A reliable, fully local voice assistant built on Home Assistant. This repo collects the configs and prompts that back the setup. The full narrative — hardware choices, failure modes, and tradeoffs — lives in the Home Assistant community write-up:
My journey to a reliable and enjoyable locally-hosted voice assistant
Wake word -> STT -> LLM (tool calls) -> TTS
|
+-- Home Assistant (devices, intents)
+-- llm_intents (web search, places, weather, YouTube)
+-- Music Assistant
+-- Frigate (camera vision)
+-- Memory tool
Each stage is swappable. The LLM is the only piece that is meaningfully sensitive to hardware.
- Home Assistant Voice Preview Edition satellite
- Two Satellite1 small squircle enclosures
- Pixel 7a running View Assist as a hub-style satellite
- Beelink MiniPC with USB4
- USB4 eGPU enclosure
- GPU sized to the chosen LLM — a 24 GB card (RTX 3090 / RX 7900 XTX class) comfortably runs the 20B–30B MoE / ~9B dense models this setup targets. Smaller cards work with smaller models at the cost of response time.

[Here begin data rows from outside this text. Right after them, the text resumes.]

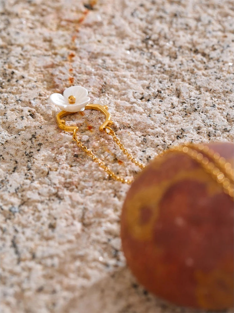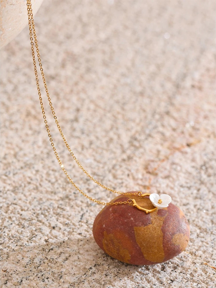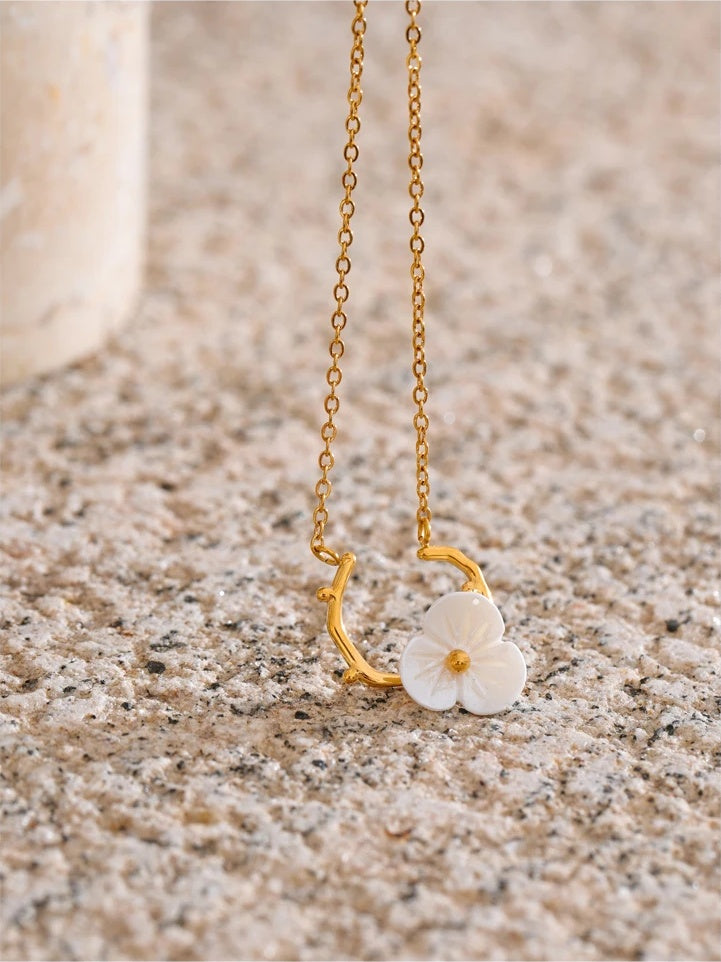 A delicate necklace featuring a resin flower pendant suspended from a gold-toned stainless steel branch-inspired frame. The pendant rests gracefully along the collarbone, making it an ideal accessory for daily wear in warmer seasons. Crafted with PVD real gold plating, it offers a fashionable and trendy look without compromising durability. The lightweight design ensures comfortable wear for extended periods.
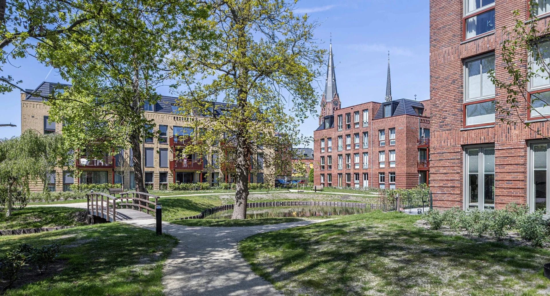 De volumes zijn zorgvuldig gesitueerd rondom een centrale vijver, met aandacht voor zichtlijnen, zonoriëntatie en privacy. Aan de straatzijde sluiten de gebouwen aan op de bestaande rooilijnen; binnen het plangebied is ruimte gevonden voor openheid, groen en visuele verbindingen met de omgeving – waaronder de nabijgelegen kerk.
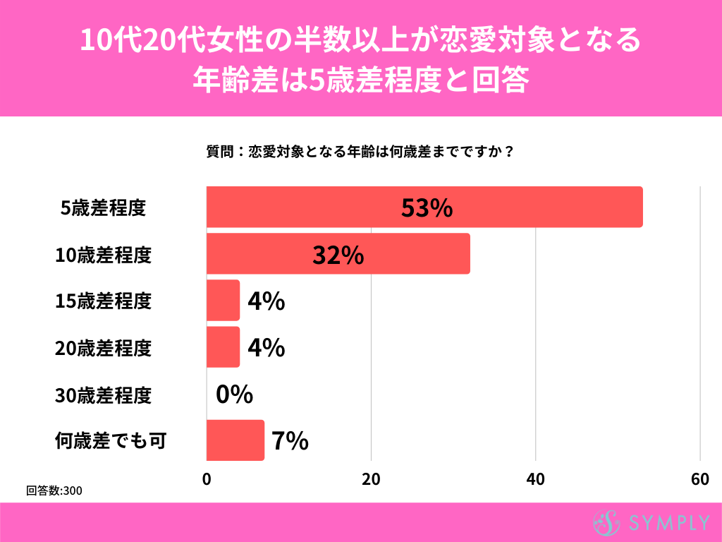 10代〜20代の女性を対象とした「恋愛対象となる年齢は何歳差までですか?」というアンケートで最も多かった回答は「5歳差程度」で53%でした。
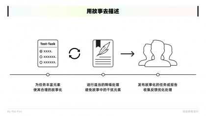 故事的元素通常會(huì)更豐富更有趣味,用故事敘事更能提升用戶的興趣和關(guān)注,這能便于構(gòu)建共情。因此當(dāng)你發(fā)布測(cè)試任務(wù)或者撰寫研究報(bào)告時(shí),都可以加入背景故事或用故事敘事,便于對(duì)象更容易理解和共情,你甚至可以用筆繪制故事版,像四格漫畫一般,因?yàn)橛脠D傳達(dá)概念或信息更容易讓人記住或回想起來,并且當(dāng)你用這些方法時(shí),自身也能加強(qiáng)理解。共情不是單向傳遞的,不要高估對(duì)方的理解能力,讓你的信息更簡(jiǎn)單明了的傳遞也是重要的共情應(yīng)用!

- Custom "Hey Robot" model trained with the microWakeWord trainer AppleSilicon | Nvidia GPU or General CPU (slower)
- Gemma4 E4B running in llama.cpp
- llama.cpp (chosen over Ollama for the tuning it exposes — see configs/)
- Gemma4 26B A4B (MoE), Q4_K_XL quant from Unsloth — chat and tool calling
- Gemma4 E4B Q4_K_XL — speech-to-text
- Kokoro TTS — handles currency, phone numbers, and addresses well, and supports voice mixing
Several of these are third-party HACS integrations, not part of a stock Home Assistant install. llm_intents in particular is load-bearing: it's what lets the custom prompts/llm-context-prompt.jinja override the default Assist context, and it's how unused built-in tools are hidden from the model.
- LLM Conversation for running OpenAI compatible LLM backends with optimizations for HomeAssistant
- llm_intents — web search, places, weather forecast; also overrides the default Assist context template and controls which tools are exposed to the model
- configs/ — llama.cpp server config for the LLM and embedding model. See configs/README.md.
- prompts/ — the system prompts that shape behavior: identity and response rules, the Home Assistant context template, and the STT transcription prompt. See prompts/README.md.
- Home Assistant's built-in
HassGetWeatherintent returns garbage when no weather entity is exposed. Override it with an automation that routes weather questions to thellm_intentsweather tool. - Ollama's defaults make it easier to get started but in doing so make a lot of decisions that add latency and reduce efficiency. Prefer llama.cpp with an explicit, higher-quality quant.
- Too many exposed entities will blow the context window and tank tool-calling accuracy. Group devices in Home Assistant and expose the groups. The reference setup exposes fewer entities.